Austerlitz (aujourd’hui Slavkov u Burna) est une petite bourgade de la république tchèque de 6 600 habitants. Elle fut le témoin, il y a 212 ans, de l’écrasante victoire de l’armée impériale sur les forces austro-russes de l’Empereur François II du Saint- Empire et de l’empereur russe Alexandre 1er . Dans la tradition saint-cyrienne, cette date est devenue mythique et chaque officier saint-cyrien, où qu’il se trouve, aura à cœur, ce jour-là, de célébrer l’événement autour d’un coupe de champagne… et parfois même au fond d’un poste de combat, en OPEX, avec les moyens du bord.

 

De la bataille de polochons à la reconstitution historique

À « la spéciale », la tradition de fêter le 2S remonte au second empire. Chaque 2 décembre, une rude bataille de polochons se déroulait dans les dortoirs tandis que l’on entassait les matelas, parfois à hauteur de plafond, pour constituer les retranchements. Dans son ouvrage dédié à Saint-Cyr, Eugène Titeux précise que «… bidons et gamelles servaient d’instruments pour battre la charge et les élèves, en chemise, armés de traversins et de sacs à linge, se livraient des combats homériques, pendant que de grands bruits de planches imitaient les détonations d’artillerie. Cet affreux vacarme s’accomplissait dans l’obscurité la plus profonde, tous les becs de gaz ayant été prudemment éteints… ».

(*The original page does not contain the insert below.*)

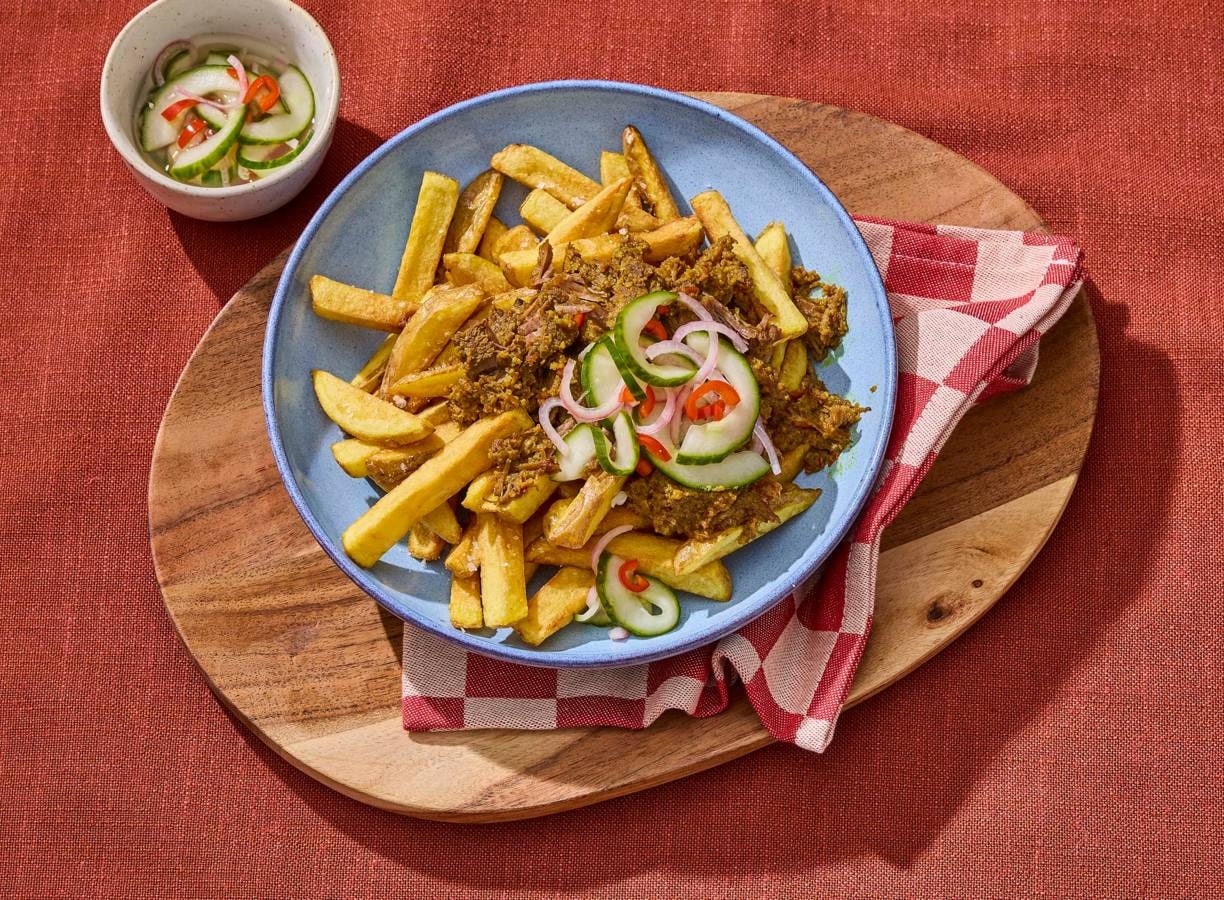 Geef het bekende ‘patatje met’ een Indonesische draai met langzaam gegaarde, kruidige rendang van rundvlees gekaramelliseerd in kokos en specerijen op goudbruine frietjes.

Par la suite, la tradition fut conservée mais, soucieux sans doute de donner plus de panache à l’événement, les élèves organisèrent une véritable reconstitution de la bataille sur le Marchfeld. Dans les années 50, on décide d’accroitre le réalisme en se portant sur le terrain. À Coëtquidan, un endroit bien spécifique fut choisi, caractérisé par un petit plateau aussitôt surnommé « Pratzen », nom du vrai plateau constituant un point clé du champ de bataille. L’idée a fait son chemin puisque sur les cartes d’état-major de l’IGN, le lieu-dit porte ce nom tout à fait officiellement.

 

Pourquoi « 2S » ?

Les Saint-Cyriens ont adopté un calendrier basé sur le mot AUSTERLITZ. La lettre A désigne le mois d’octobre, U novembre et ainsi de suite jusqu’à la lettre Z pour le mois de juillet. Août et septembre ne sont pas comptés car ce sont les mois de permission. Le 2S désigne donc le 2 décembre. L’année zéro commence arbitrairement en 1805 (date de la bataille d’Austerlitz) de sorte que dans le langage Saint-cyrien, on ne parle pas du 2 décembre 2017 mais du 2S 212.

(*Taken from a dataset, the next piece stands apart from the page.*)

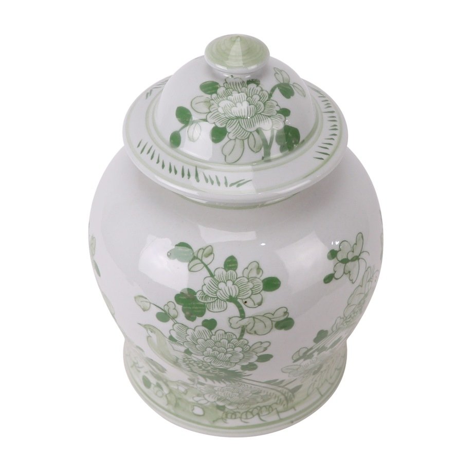 Chinoiserie Green Floral and Bird Ceramic Jar

Le réalisme, jusque dans les moindres détails…

Même si les archives météorologiques rapportent que le 2 décembre 1805 à Austerlitz, il faisait à peine plus de 5° et qu’il pleuvait, la légende retiendra le soleil d’Austerlitz sans doute parce que la victoire était éclatante. Là encore, nos élèves ont fait merveille puisque la température sur Coëtquidan était de 8° et que le désormais célèbre soleil était au rendez-vous.